DATA BELOW:
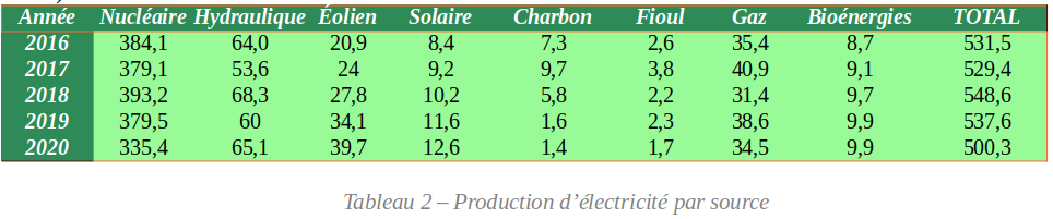 Voici maintenant l’électricité produite (en TWh) pour les différents moyens par an [6].
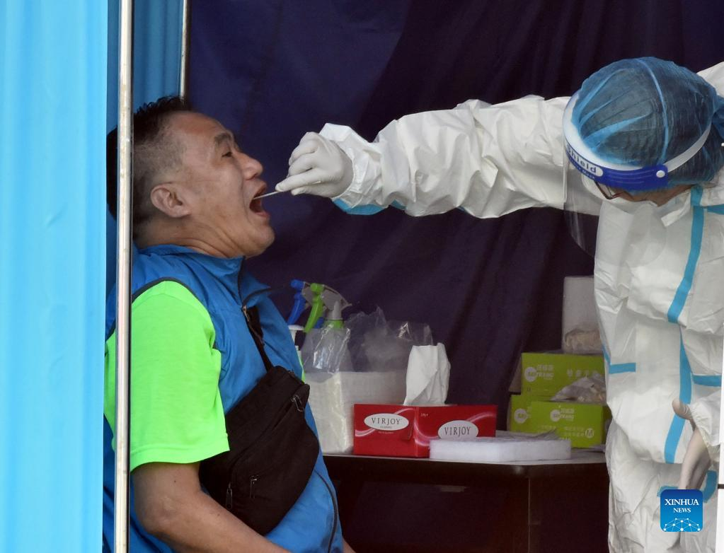 A citizen takes COVID-19 nucleic acid test in Hong Kong, south China, April 9, 2022. On Saturday, Hong Kong registered a total of 2,535 new COVID-19 infections, including 897 by nucleic acid tests and 1,638 additional cases through self-reported rapid antigen tests, official data showed. (Xinhua/Lo Ping Fai)
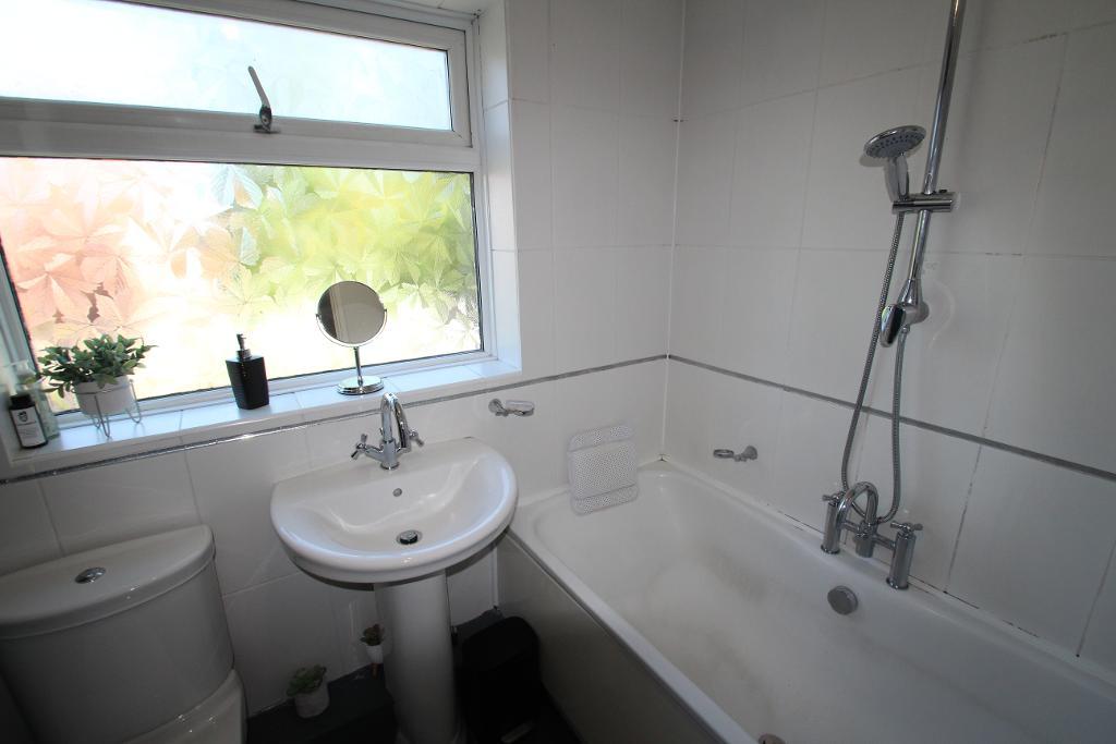 Family Bathroom: 7'2" x 5'4" UPVC double glazed obscure window to the rear aspect, low level WC, sink with pedestal, panel bath with shower over, part tiled walls, wall mounted chrome heated towel rail.
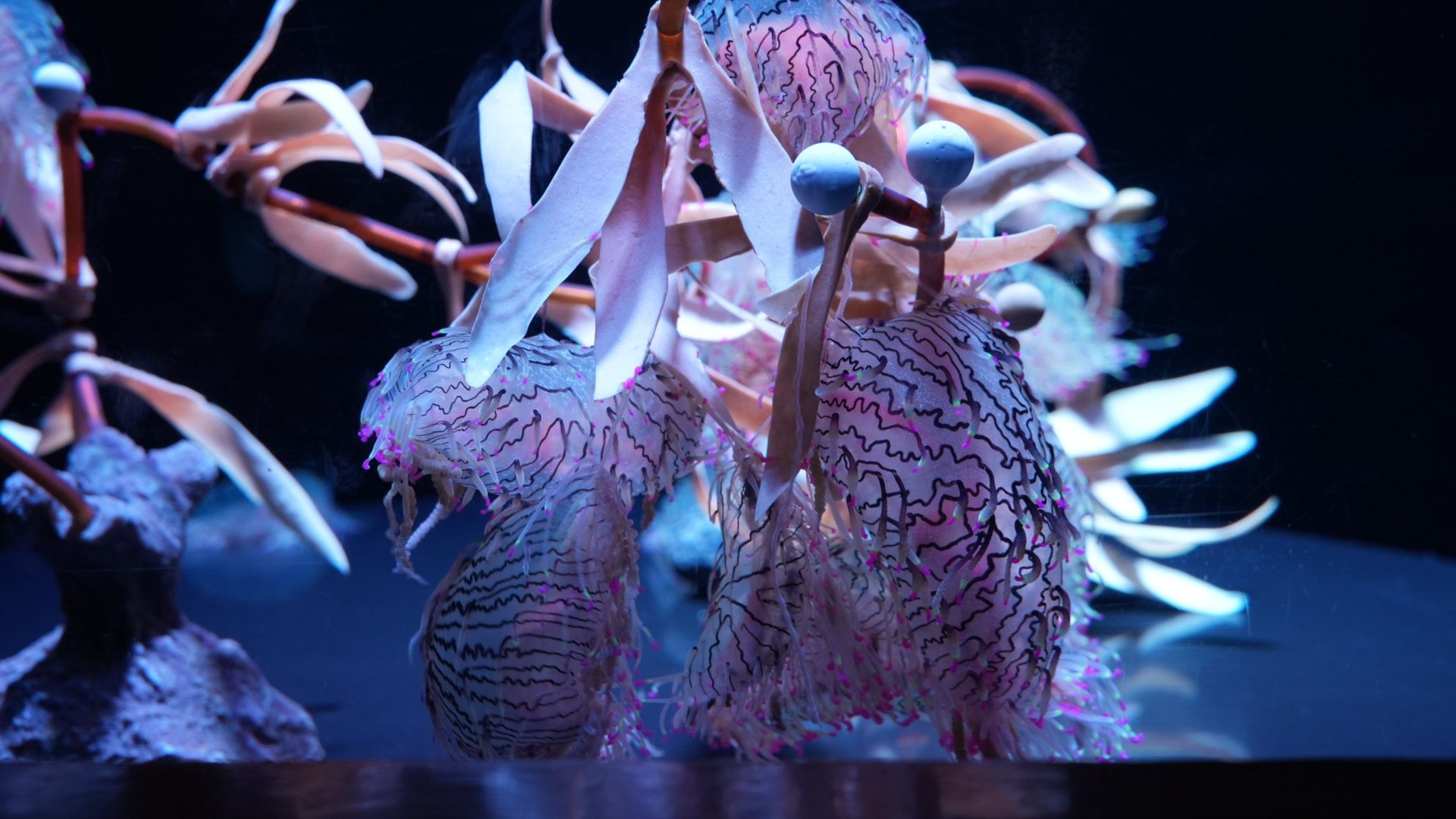 不思議な色のクラゲに出逢いました。見る人によっては気持ち悪いかも…。もっと寄って単体を撮った方が良かったのかも…。

WHAT IS NEEDED: Your answer must be exactly the lines from the one with "heated towel rail." through the final line of the data, with no pictures in it.

COMPLETED TASK:
 Family Bathroom: 7'2" x 5'4" UPVC double glazed obscure window to the rear aspect, low level WC, sink with pedestal, panel bath with shower over, part tiled walls, wall mounted chrome heated towel rail.
 不思議な色のクラゲに出逢いました。見る人によっては気持ち悪いかも…。もっと寄って単体を撮った方が良かったのかも…。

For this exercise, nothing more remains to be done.